CHICAGO --- Abnormalities in the structure of the brain predispose people to develop chronic pain after a lower back injury, according to new Northwestern Medicine research. The findings could lead to changes in the way physicians treat patients' pain.
Most scientists and clinicians have assumed chronic back pain stems from the site of the original injury.
"We've found the pain is triggered by these irregularities in the brain," said A. Vania Apkarian, senior author of the study and a professor of physiology at Northwestern University Feinberg School of Medicine. "We've shown abnormalities in brain structure connections may be enough to push someone to develop chronic pain once they have an injury."
Based on MRI brain scans of people who had a new lower back injury, Northwestern scientists could predict with about 85 percent accuracy which patients' pain would persist. The predictor was a specific irregularity or marker the scientists identified in the axons, pathways in the brain's white matter that connect brain cells so they can communicate with each other.
The findings provide a new view of treating chronic pain, which affects nearly 100 million Americans and costs up to $635 billion a year to treat.
"We think the people who are vulnerable need to be treated aggressively with medication early on to prevent their pain from becoming chronic," Apkarian said. "Last year, we showed people who take medication early on had a better chance of recovering. Medication does help."
The research, funded by the National Institutes of Health, was published Sept. 16 in the journal Pain.
Brain abnormalities have been observed in other long-term chronic pain conditions. Apkarian's study is the first to show brain structure abnormalities are a marker of a predisposition to the chronic pain, not a result of living with it.
The lead author of the study is Ali Mansour, M.D., formerly a postdoctoral fellow in Apkarian's lab.

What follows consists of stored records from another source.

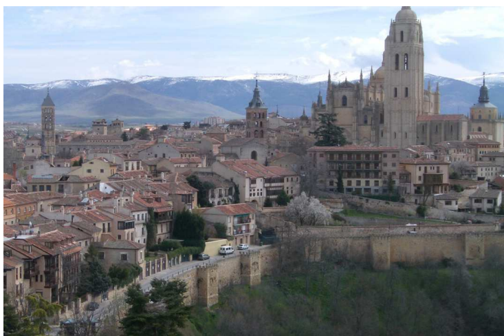
Fig. 9. Panorámica de la ciudad de Segovia desde la torre del Alcázar.

Actualmente desde los Altos de la Piedad, se comprueba que la silueta de los torreones se ha mantenido, aunque algunos grandes edificios como el hotel sirenas y el edificio del Seminario se han apoderado de parte de la silueta. La muralla aparece delimitando la parte baja del recinto de la ciudad alta, siguiendo un trazado según la topografía de la ladera sur. Los dos torres del Lozoya se reconocen en las dos fotografías y a un nivel inferior se descubre también la torre de la muralla junto a la Casa de los Picos, incluso se encuentra en la parte inferior en el extremo derecho el Acueducto.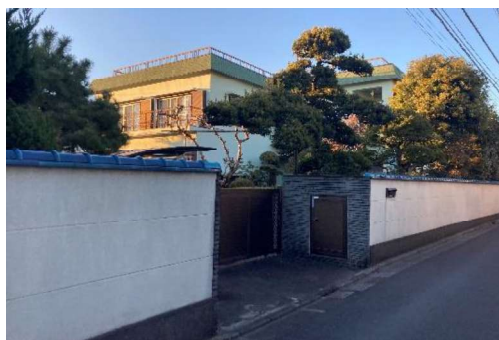
図9 旧家の敷地内にも多くの樹種が見られる

葛飾柴又は、木々をたどって歩けば、かつて農村であった歴史に触れることができる。古くからの道では、歩を進めるごとに生垣や樹木が現れる。旧家に由来する樹木が多く残り、スダジイのほか、クスノキ、イチヨウ、ケヤキ、クロマツ等変化に富んでいる。また、柴又用水跡は、両側の敷地の庭木も含めて、緑豊かな空間が形作られている。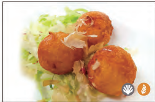
18/ POLPETTE DI POLPO 3PZ €6.00 polpettini al gusto polipo fritto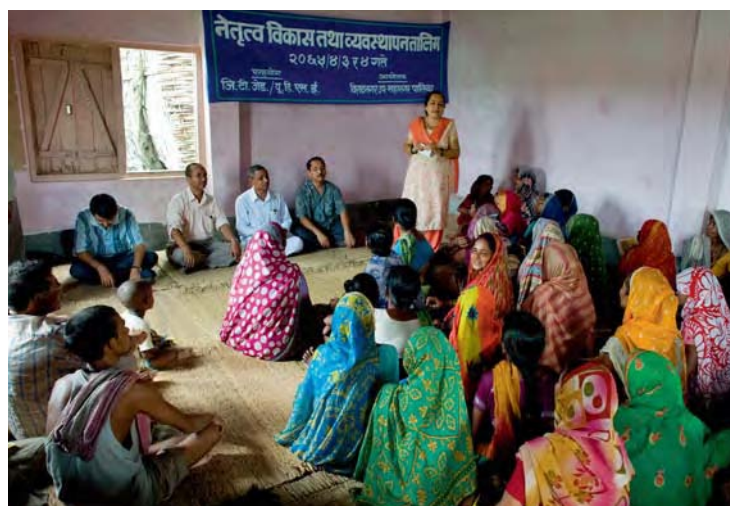
Bürgerinnen und Bürger diskutieren in Nepal

Die Zielvorgaben der einzelnen Menschenrechte werden in den Allgemeinen Bemerkungen zu den beiden Internationalen Pakten über bürgerliche und politische sowie über wirtschaftliche, soziale und kulturelle Rechte erläutert. Diese Allgemeinen Bemerkungen geben konkrete Hinweise für die Gestaltung von Politiken in den einzelnen Sektoren auch auf lokaler Ebene.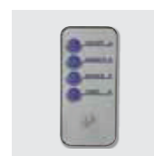
Mando a distancia.

Humidostato electrónico para seleccionar con precisión la H.R. entre 45 – 90%. 3 caudales de nebulización y difusor orientable 360°. Temporizador programable de 1-12 h. Indicador en pantalla y acústico de depósito de agua vacío. Mando a distancia para control remoto. Filtro para impurezas del agua.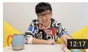
經濟學如何看待發難財。天災人禍後，物資應唔應該加價？ 435 views · 5 months ago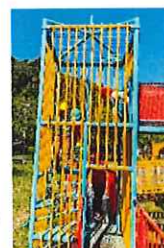
みんなで登ったよ☆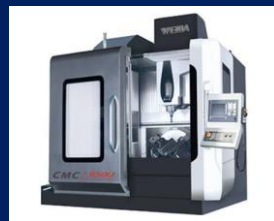
Обрабатывающий центр с ЧПУ СМС650и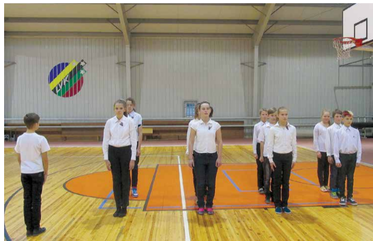
Lāčplēša dienas pasākumā Lēdmanes pamatskolā skolēni demonstrē prasmes ierindas soļošanā.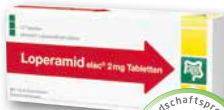
Loperamid elac® 2 mg 10 Tabletten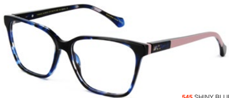
545 SHINY BLUE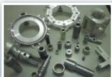
Exemplos de usinagem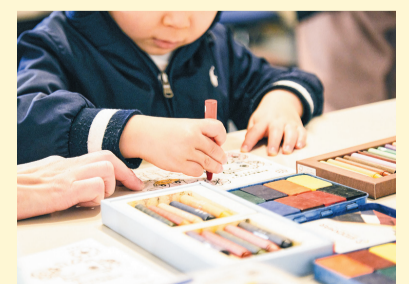
防災マップでアート作品作り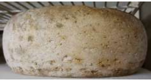
Bethmale des Pyrénées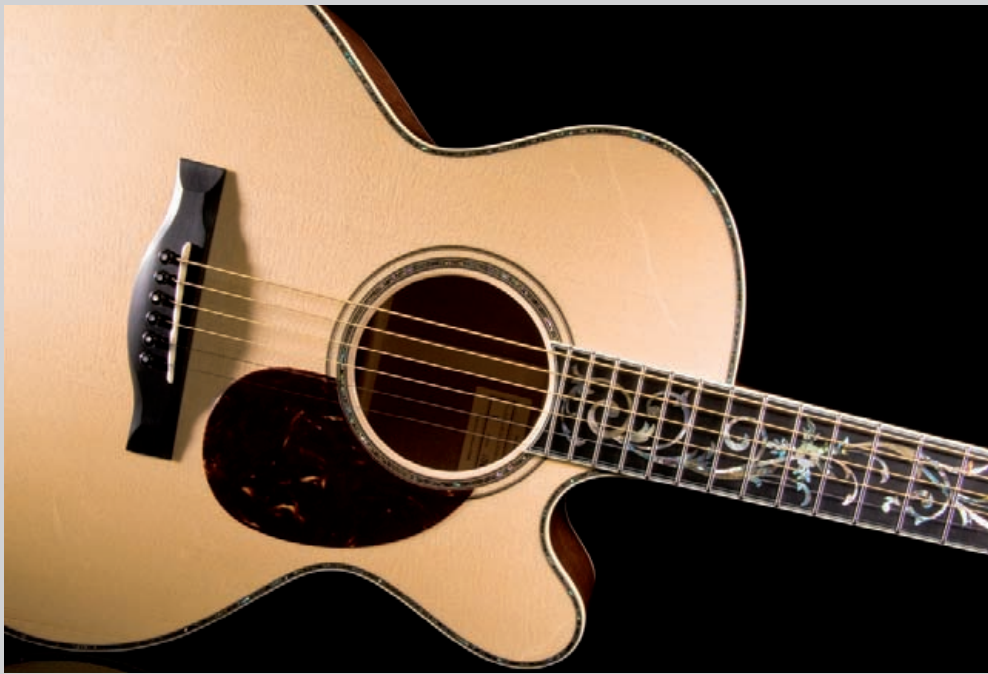
Santa Cruz F Fingerstyle Modell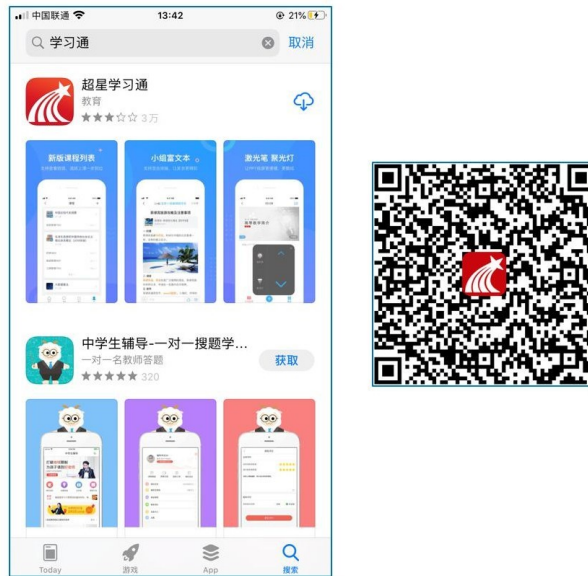
图 1 下载“学习通”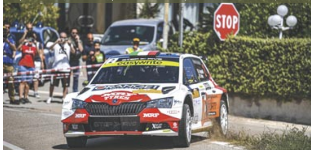
Campebelli-Canton (Skoda Fabia R5) primi al Salento '23 a campioni in carica nel C.I.R. Asfalto

gramma: "Torre Paduli" , di 11,30 Km, alle 11:20 e 15:27 , "Ciolo" , di 11,75 Km, alle 12:05 e 16:12 , e "Specchia" , di 13,06 Km (la più lunga del rally), alle 12:49 e 16:56 .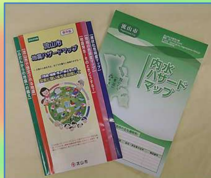
流山市が発行しているハザードマップ

「流山市地震ハザードマップ」「流山市内水ハザードマップ」(流山市, 2023年)には、避難所や避難場所が書いてあります。また、流山市のホームページで「くらしの情報」のなかにある「防災」という項目から、ハザードマップへたどっていくことが出来ます。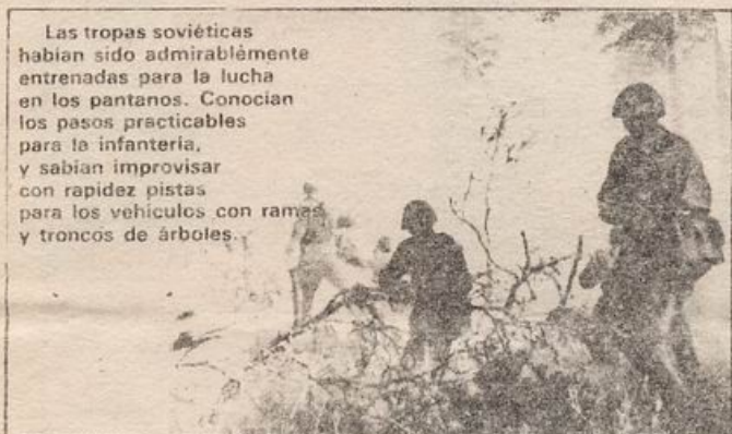
Las tropas soviéticas habían sido admirablemente entrenadas para la lucha en los pantanos. Conocían los pasos practicables para la infantería, y sabían improvisar con rapidez pistas para los vehículos con ramas y troncos de árboles.

El 6 de diciembre de 1941, en las cercanías de Moscú, el ejército alemán sufrió el primer gran revés. La derrota de los alemanes en las cercanías de Moscú repercutió en todo el curso posterior de la guerra.

Apkarian's research focuses on the relationship between chronic pain and the brain. One of his previous studies showed chronic pain patients lose gray matter volume over time.
Chronic pain is one of the most expensive health care conditions in the U.S. and takes an enormous toll on quality of life, yet there still is not a scientifically validated therapy for the condition. Lower back pain represents 28 percent of all causes of pain in the U.S.; about 23 percent of these patients suffer long-term pain.
The abnormalities identified in the study were found in multiple white matter axon bundles, some surrounding the nucleus accumbens and medial prefrontal cortex, two brain regions involved in processing emotion and pain. Last year, the Apkarian group showed that the physiological properties of these two regions identify which patients will persist with back pain. The new results identify a pre-existing culprit for these physiological responses to the injury.
"The brain abnormalities exist in the general population, but only those people with a back injury go on to develop the chronic pain," Apkarian said.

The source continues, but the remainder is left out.